I never wanted kids.


----------



## Peter Attis (Aug 31, 2009)

No, never.


----------



## Hoofservant (Apr 15, 2009)

Not for me, thanks. I don't think I'd be a terrible mother, I just don't like kids and feel no maternal instincts towards having them. I've been told before "But it's different when they're yours!" and I'm sure I would love them, but I believe I'll have a happier life being free without any little crib lizards latching on to me. Hedonistic? Sure, but I'm not here to please anybody but myself anyways.


----------



## markx (Dec 22, 2007)

I would LOVE to have kids. The only way it will happen now though is through a site like free-sperm-donations.com - I've thought about it a few times but I always bottle it.

(Bottle it... geddit?!)


----------



## Madison_Rose (Feb 27, 2009)

I don't even like children. Ok, sometimes they're cute, but mostly - yuck. Never having children.


----------



## tutliputli (Feb 22, 2009)

Definitely :yes Whenever I see a baby, I just melt to a pile of goo. I have a really strong urge to cuddle them and kiss them etc. I have a long-term boyfriend and I'm sure he wants children too, just not yet.


----------



## meowgirl (Aug 24, 2009)

LaRibbon said:


> I used to want 3 or 4 (Like have 3, then have one more a decade later because all at once is too many).
> 
> But recently something happened (basically it finally dawned on me how evil and disgusting this world really is) which made me think i don't want to bring kids to this world...so I don't know what the hell anymore. :stu


i know the feeling laribbon >w<


----------



## shadowmask (Jun 22, 2009)

Yes, although the thought of losing them suddenly would constantly be on my mind, for certain reasons. But the love would be worth the fear.


----------



## anomalous (Jun 12, 2004)

Absolutely not... I'd rather end my own life than have one, honestly. Not that it will ever be an issue.


----------



## banjerbanjo (May 18, 2009)

I don't really know. I can't stand most kids, but my niece is awesome. If I knew that my kid would be like her then I would want to. 

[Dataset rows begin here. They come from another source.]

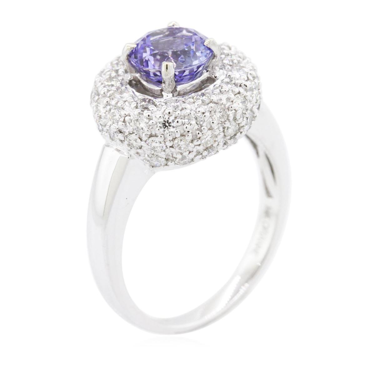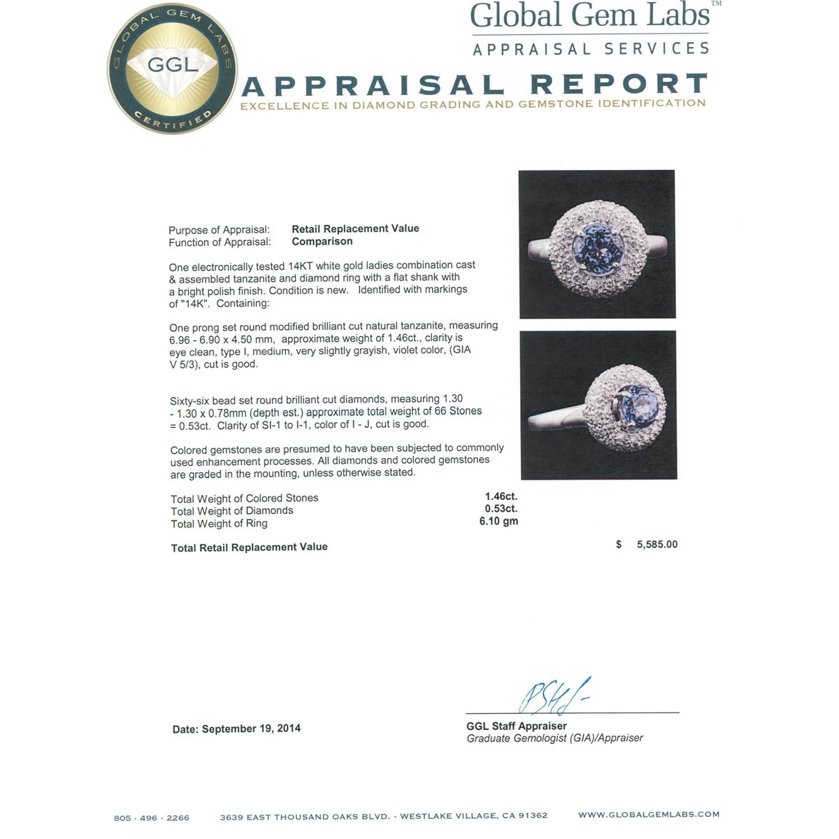 One electronically tested 14KT white gold ladies combination cast & assembled tanzanite and diamond ring with a flat shank with a bright polish finish. Identified with markings of "14K". Condition is new. Containing: One prong set round modified brilliant cut natural tanzanite, measuring 6.96 - 6.90 x 4.50 mm, approximate weight of 1.46ct., clarity is eye clean, type I, medium, very slightly grayish, violet color, (GIA V 5/3), cut is good. Sixty-Six bead set round brilliant cut diamonds, measuring 1.30 - 1.30 x 0.78mm (depth est.) approximate total weight of 66 Stones = 0.53ct. Clarity: SI-1 to I-1. Color: I - J, Cut is Good. Colored gemstones are presumed to have been subjected to commonly used enhancement processes. All diamonds and colored gemstones are graded in the mounting, unless otherwise stated. Total Weight of Colored Stones 1.46ct. Total Weight of Diamonds 0.53ct. Total Weight of Ring 6.10 grams. GGL Appraised at $5,585.00.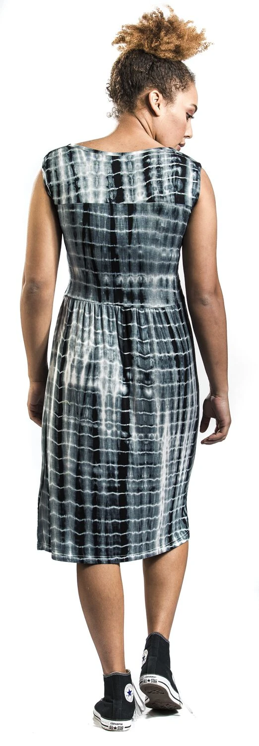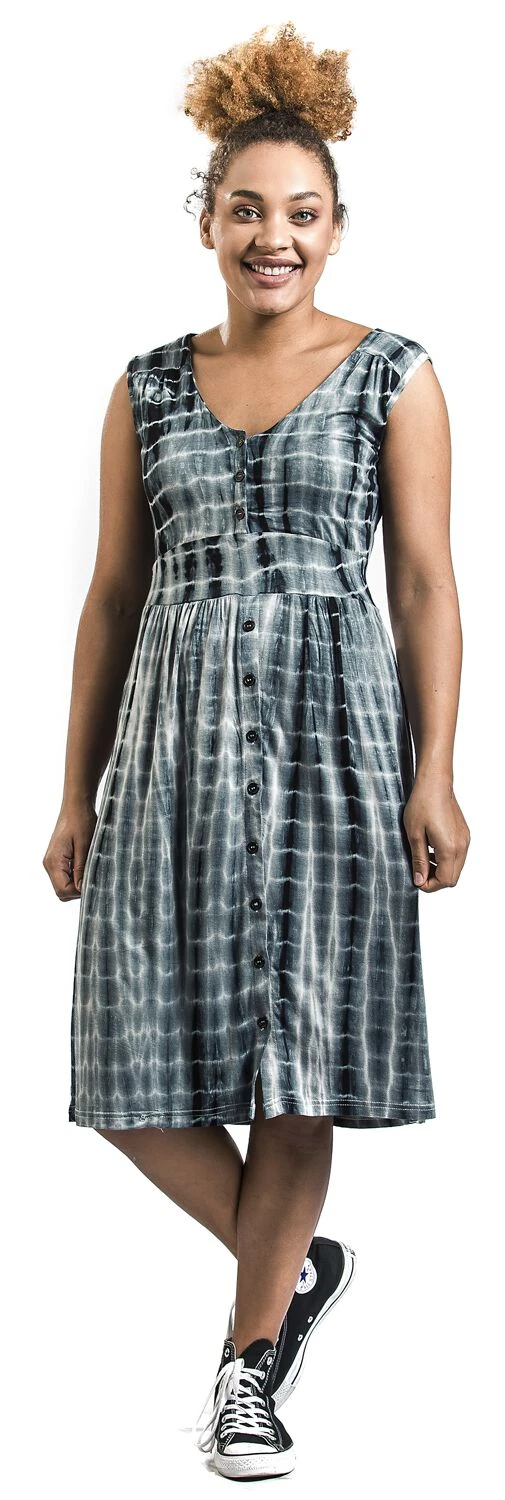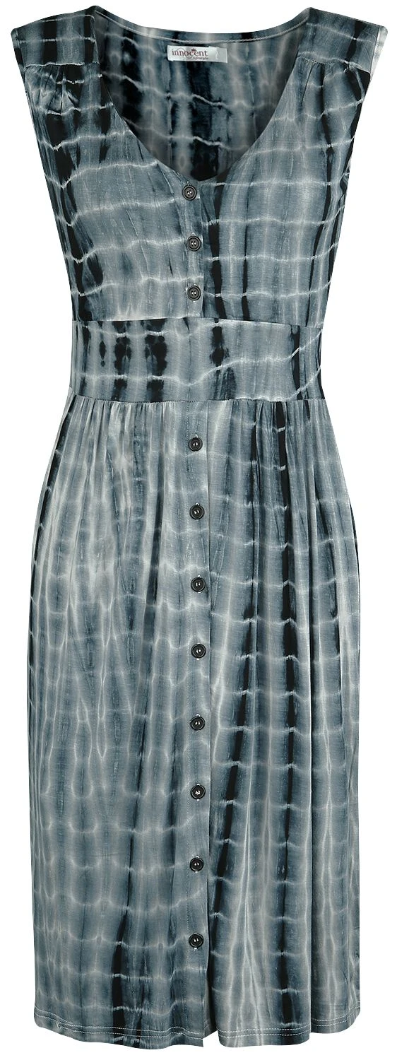 Wie ein Abend am See, in dem sich der Mond in den Wellen spiegelt: Das Muster auf dem „Luna Dress“ lädt Nachtschwärmer zum Träumen ein. Das mittellange Kleid von Innocent hat einen V-Ausschnitt, keine Ärmel und reicht bis kurz unters Knie. Die Knopfleiste auf der Vorderseite wird im Bereich der enger anliegenden Taille unterbrochen. Das mittellange Kleid besteht aus Viskose und wird mit der Hand gewaschen.
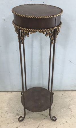Metal two tier round stand, made in china, 23"h. Metal two tier round stand, made in china, 23"h.
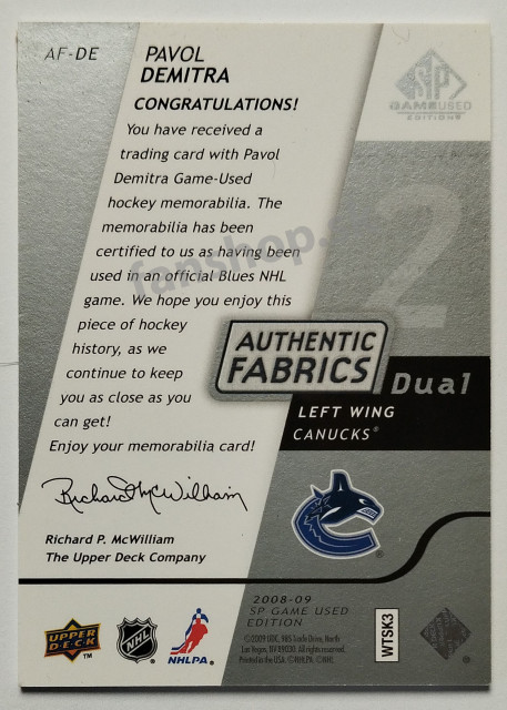 2008-09 SP Game Used Authentic Fabrics Dual #AF-DE Pavol Demitra

Although, I'm scared that if I had kids I would push them into playing instruments too much.


----------



## rincewind (Sep 7, 2009)

I might, but only if I was in a long term relationship that I felt really comfortable in, and if my SA wasn't as bad as it is at the moment. Otherwise, absolutely not.


----------



## Tangent (Jul 1, 2009)

Nobody has the moral right to play god and have children - especially in an over-populated planet of scarce resources on which there are many children already without homes - why not adopt if one wants to nurture young children - that way there is at least some sort of consent involved.

My short answer is "No."


----------



## ecotec83 (Sep 7, 2009)

I said no for several reasons, firstly kids actually make me anxious for some reason also because i have to many personal issues to deal with so i don't think i could be an effective parent. Money is also a big issue. The other main reason is i don't think i could bring a life into a world that is so messed up. It seems that the world becomes a worse place every day, wars, recession, more crime, job are hard to come by, the cost of living is so high, famine and enviromental problems. Not to mention many places are already over populated and thousands are starving.


----------



## Aurora (Feb 27, 2009)

Too late for me. Im pregnant. lol. But yes, I have always wanted a family of my own. Other peoples kids freak me out and Im having one of my own? LOL. Im finding all the emotional and financial preparations mean nothing in the end and that pregnancy is nothing like you imagined.


----------



## TheDaffodil (Jun 20, 2009)

I love children. They are like...I know a lot of people have problems with them but I have a very positive energy towards them. They're fascinating and messy and have the greatest laughs. ^__^ I don't want to give birth to any kids but I have a strong desire to adopt (3 to 5 year olds, not babies). I, of course, would not have kids if my significant other was greatly against it. I plan on working with kids so as long as they're in my life I'll be happy. I'd love to raise a couple though. :yes


----------



## Shauna The Dead (Jun 16, 2005)

I think most guys do want kids. Maybe not SA guys though but most outgoing ones seem to but they want their own kids. I have one and dont plan on having anymore cause I'm not getting married or anything again.


----------



## Shauna The Dead (Jun 16, 2005)

Aurora said:


> Too late for me. Im pregnant. lol. But yes, I have always wanted a family of my own. Other peoples kids freak me out and Im having one of my own? LOL. Im finding all the emotional and financial preparations mean nothing in the end and that pregnancy is nothing like you imagined.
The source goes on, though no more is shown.